Il rapporto genitori-scuola.

I rischi dell’iperprotezione

Sempre più spesso negli ultimi tempi il ruolo dei genitori è andato ad interferire con quello degli insegnanti. Mi spiego meglio. L’attenzione, eccessivamente zelante e protettiva, della famiglia nei confronti dei propri figli-studenti ha finito per mettere in discussione l’autorevolezza e il ruolo educativo dei docenti. Ovvio che la protesta o addirittura la contestazione ci può stare nel momento in cui si verifica una clamorosa incapacità del docente nello svolgere la  sua professione, e dunque nell’interpretare quel ruolo di educatore tanto decisivo nella “sgarruppata” società in cui viviamo. Ma si dovrebbe trattare di casi limite. E invece sempre più frequentemente, e a prescindere, il genitore, piuttosto che fungere da collaboratore e da ponte con le istituzioni scolastiche, si mette di traverso diventando di fatto un ostacolo.

Ora molti di noi sono insegnanti e contemporaneamente genitori e quindi si rendono conto che qualcosa non funziona. Per intenderci, una volta, ma non troppo distante nel tempo, se uno studente veniva rimproverato da un insegnante, quando tornava a casa si prendeva in aggiunta anche i rimbrotti della famiglia che rincarava la dose.

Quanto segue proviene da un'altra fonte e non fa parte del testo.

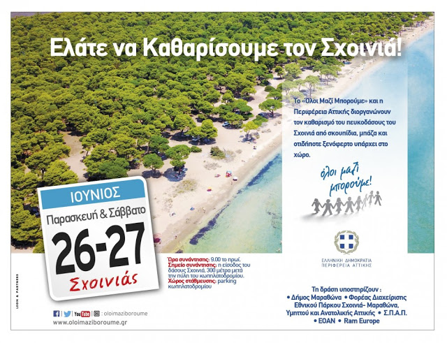 Την Παρασκευή 26 και το Σάββατο 27 Ιουνίου διοργανώνεται διήμερη δράση καθαρισμού του Εθνικού Πάρκου Σχινιά – Μαραθώνα από την Περιφέρεια Αττικής σε συνεργασία με το ΣΚΑΙ και το «ΟΛΟΙ ΜΑΖΙ ΜΠΟΡΟΥΜΕ».

Più recentemente, il ruolo protettivo, anzi iperprotettivo, della famiglia tende a giustificare il proprio figlio anche di fronte all’evidenza dei fatti, chiamasi disimpegno, maleducazione, leggerezza. Studi appena usciti ci dicono che nella sconfitta a scuola del proprio figlio (brutto voto, nota, condotta) i genitori si sentono messi in discussione, come se il richiamo disciplinare o il brutto voto fosse un rimprovero nei loro confronti. 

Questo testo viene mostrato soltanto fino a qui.